Finalmente, SEPI suscribió 45 millones de euros mediante una ampliación de capital y otros 30 millones en obligaciones convertibles. En total, 75 millones de euros comprometidos directamente por la sociedad pública.

La operación necesitó además una estructura financiera mucho mayor: un préstamo sindicado de hasta 650 millones de euros con cobertura parcial de CESCE, 120 millones adicionales de financiación revolving y una línea de avales bancarios de hasta 500 millones, igualmente con cobertura parcial de CESCE.

Talgo explicó que esta estructura debía proporcionarle los recursos necesarios para financiar su actividad y ejecutar adecuadamente su cartera de proyectos.

Precisamente el problema de capacidad financiera e industrial que Magyar había planteado atacar año y medio antes con la ampliación de su capacidad productiva.

Renfe vuelve a quedarse sin trenes

La entrada del Estado y la nueva estructura financiera han mejorado la situación económica de Talgo. La compañía facturó 375,8 millones de euros durante el primer semestre de 2026, un 39,1% más, y alcanzó un EBITDA de 31,7 millones.
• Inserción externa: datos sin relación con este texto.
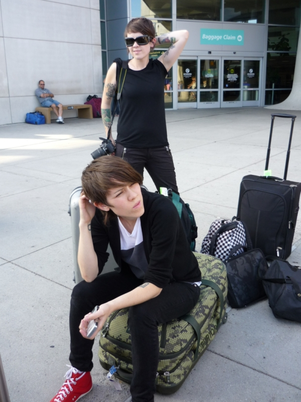 Tegan Rain Quin and Sara Kiersten Quin, Canadian singer-songwriters, at the San Diego Airport, on their 28th birthday, September 19, 2008.

Sin embargo, los problemas industriales de los Avril vuelven a repercutir directamente sobre Renfe.

La aparición de fisuras en bogies de varias unidades S106 ha obligado a la compañía pública a retirar preventivamente material. Renfe ha reducido, además, de 10.000 a 5.000 kilómetros el intervalo entre las inspecciones de estos trenes, lo que supone revisarlos aproximadamente dos veces por semana.

Alrededor de 16 bogies han sido retirados preventivamente y la propia Renfe reconoce que los nuevos criterios de seguridad provocarán «la retirada adicional de material y la paralización de más trenes».

La operadora pública se considera la «parte directamente perjudicada por esta situación».

Los problemas obligarán además a transformar los 15 S106 de ancho fijo para que toda la flota de 30 Avril termine disponiendo de ancho variable. El acuerdo alcanzado entre Renfe y Talgo contempla asimismo un incremento aproximado del 29% en el precio del mantenimiento realizado por Tarvia, sociedad participada por ambas compañías.

Renfe se encuentra así nuevamente ante el mismo problema: falta de disponibilidad de unos trenes que necesitaba precisamente para ampliar su capacidad.

Primero esperó más de tres años para recibirlos. Después, el Gobierno decidió sostener con dinero público al fabricante que había incumplido los plazos, tras impedir la entrada de un comprador industrial que planteaba aumentar casi un 90% su capacidad productiva. Y ahora los problemas técnicos de esos mismos trenes vuelven a obligar a Renfe a retirar material.